Imagine your object is like a box with your box being an interface, or type. So I have an Animal class with a NumberOfLegs property. Creating an instance of animal is like having a box and that box is the Animal box, and inside it is NumberOfLegs. All I can do is open that box and examine the contents.
Now let's say I have a Dog class, and dog has a LikesWalkies property, and dog inherits animal. Now I have a box within a box. The outer box is called Dog and contains LikesWalkies and it also contains an Animal box and inside that is NumberOfLegs. When I ask what inside Dog that includes everything inside the boxes that are inside Dog too.
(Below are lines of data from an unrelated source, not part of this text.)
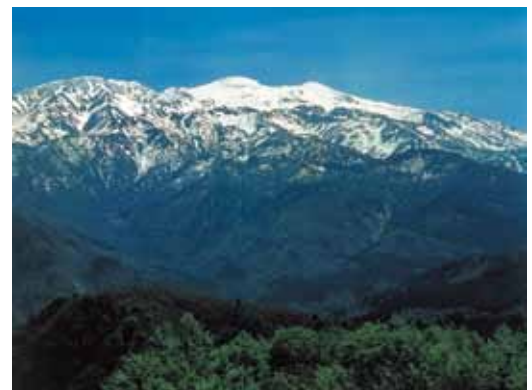
Haku-san National Park (47,700ha) (白山国立公園)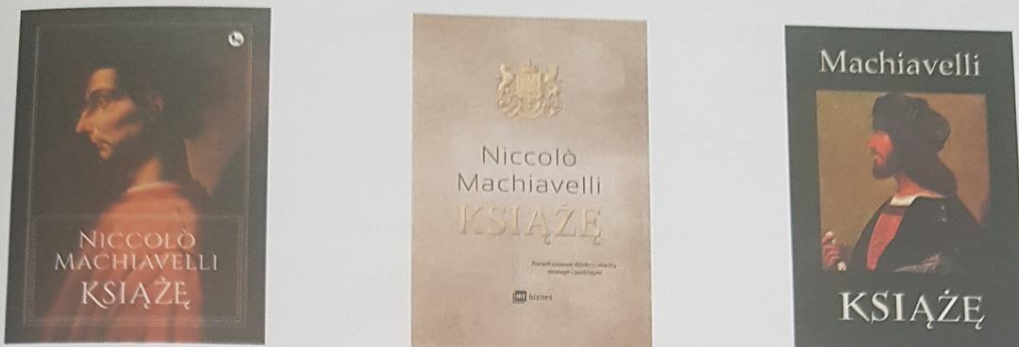
Rys. 2. Pierwsze strony okładki rozprawy Książę Niccolò Machiavellego, znanej również pod tytułem Traktat o Księciu

Przed przystąpieniem do projektowania okładki książki warto zobaczyć, jak zrobili to inni, aby nie wyważać otwartych drzwi.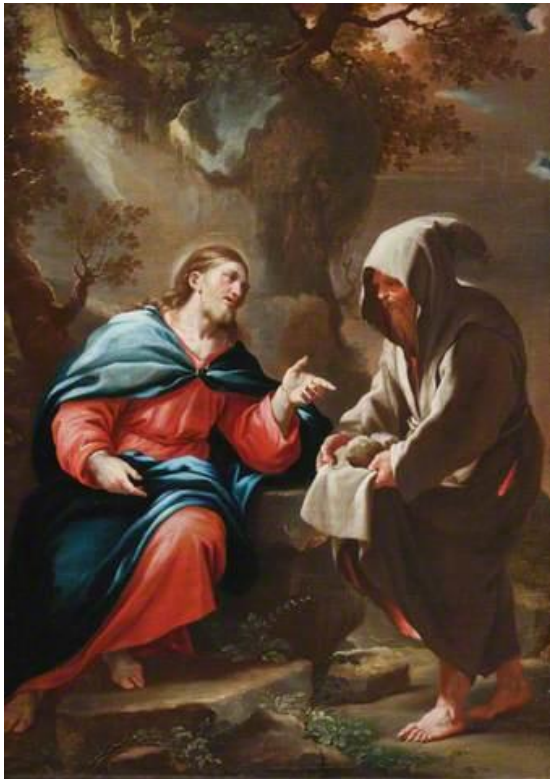
L. Giordano: Diabol pokúša Krista zmeniť kameň na chlieb (17.st.)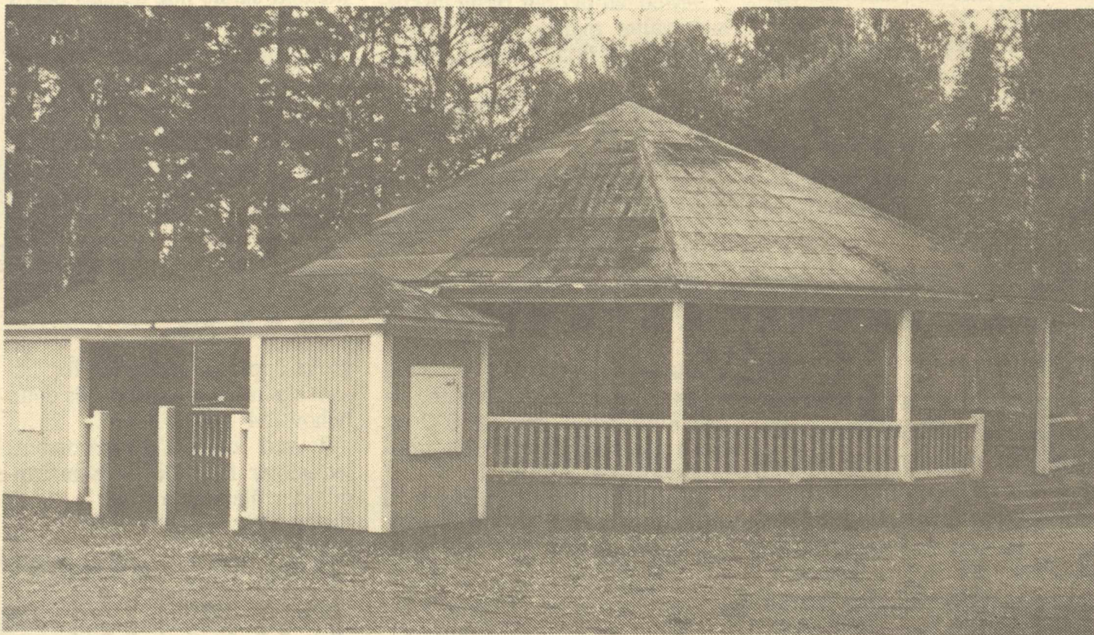
LO-sektionen i Boxholm ser gärna att man inom kommunen tar upp en diskussion om folkparkens framtid.

So when I say dog.LikesWalkies that is valid as Dog contains that property, when I say dog.NumberOfLegs that is also valid as while Dog doesn't contain that property, it contains a box that does contain that property.
Think about casting as shifting the focus of which box you're interested in.
Dog dog = new Dog();
Dog.LikesWalkies = true;
Dog.NumberOfLegs = 4;
Animal animal = (Animal) dog;
In the code above we can ask dog if it likes walkies and how many legs it has. However with animal we can only ask how many legs, this is because we are looking at the Animal box inside dog. Even though the animal box is inside the dog box, we can't see "outside" animal to its parent properties. Those properties still exist...we just can't see them via the animal casting as the animal casting is only looking at the inner Animal box.
Now let's say I try this
Animal animal = new Animal();
Dog dog = (Dog) animal;
it won't work. When we create an instance of Dog we automatically create an instance of the Animal box inside it so we can cast from Dog to Animal. When we create an Animal box....there is no Dog box around it which is why you can't "cast up", so the above code will throw an exception. After all, Cat could also inherit Animal as could many other classes. When you create the subclass (Animal) it creates no other outer boxes so you can't cast to those.
Now we'll get to your actual question, hopefully you're still with me :)
The Controls collection can contain any box that has a Control box inside it (ie any class that inherits Control). So your Controls collection actually has things like TextBox, Label etc, and each TextBox box and each Label box has a Control box inside it. So when you ask for a textbox via FindControl what you get back is a TextBox box, but the reference isn't pointing to the outer box (TextBox) but the inner box (Control). Although it's the inner box you're looking at, the outer box of TextBox still exists so we can actually "cast up" and shift our focus from the inner Control box to the outer TextBox box and access all of its properties.
So that's kinda what is going on. An object can have many interfaces and you can have a reference to a particular interface on that object, but as long as the object supports other interfaces you can cast to them. When you can't cast to them is when they simply don't support them. A Dog object has a Dog interface but also an Animal interface so we can cast between Dog and Animal, but an Animal object only has an Animal interface so we can't cast from Animal or anything else.